Unicode code converter

Standard use

Most of the time you will probably want to drop the text to be converted into the field with the green background, and hit the associated Convert button. This will convert all escapes to characters, then convert those into each of the forms listed against the boxes below.

If your text contains bare numbers that you also want to convert, use the select control to the right. (Be aware, however, that in this case something like 'ab' could be interpreted as a hex number.)

Note, also, that the escapes \n, \t, \b, and \" etc, are recognised by default. If you check the box next to Convert \n etc they will be ignored. For full CSS behaviour here, use the CSS input field.

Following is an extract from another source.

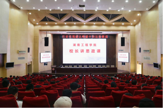 5月17日下午,党委副书记、校长易兵在一报告厅以“打好实现碳达峰 碳中和这场硬仗”为题,为机械电子20级、纺织工程21级学生上思政课。
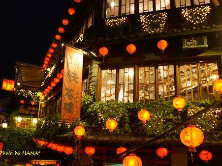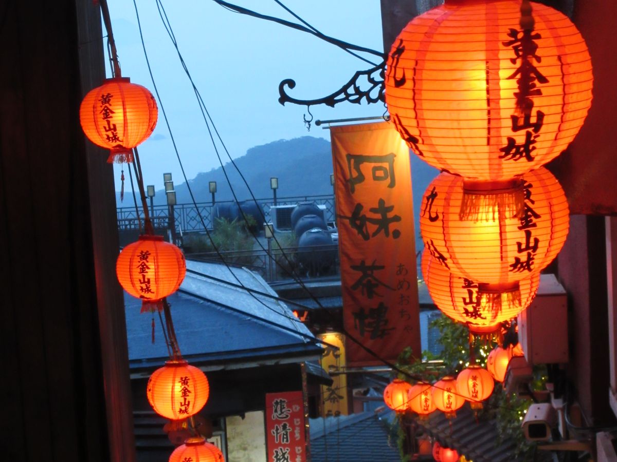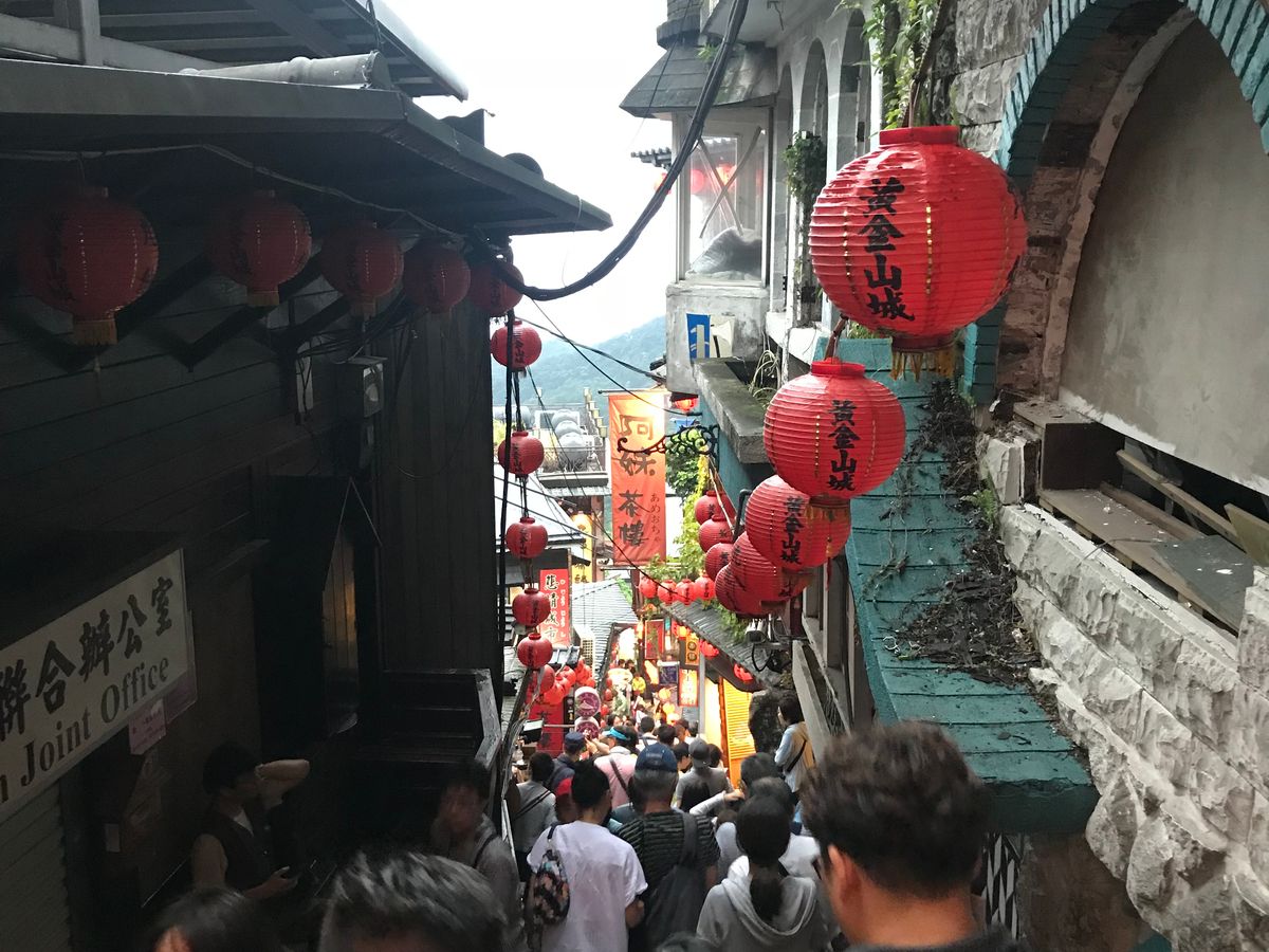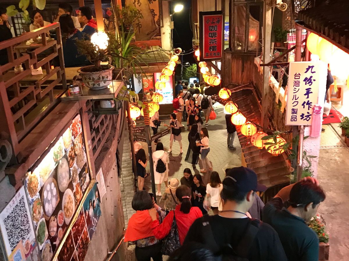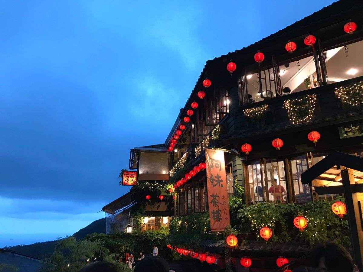 あいにくの空模様で、雨が降ったり止んだりの天候でしたが、夜になれば関係ありません。ライトアップされた九份の街は本当に幻想的でした。

The Extract button strips away everything but the escapes. For example, it will turn "The first row is U+0A73 ura, U+0A05 a, U+0A72 iri, U+0A38 sa, U+0A39 ha." into "U+0A73 U+0A05 U+0A72 U+0A38 U+0A39".

It currently doesn't recognise escapes such as \n, \t, etc. Nor does it recognise character entities, such as á.

If you have selected Hex code points or Dec code points in the adjacent select control, it will also leave behind hex or decimal numbers. For example, it will turn "<0915, 094E, 0947>" into "0915 094E 0947" or "0915 0947", respectively. Note, however, that it may not always get this right. Text such as '(dec)' will result in 'dec' being treated as a number. It only detects numbers if they are preceded and followed by a space, a particular set of punctuation marks, or the start/end of the text. It treats UTF-8 and UTF-16 code units as hex code point numbers.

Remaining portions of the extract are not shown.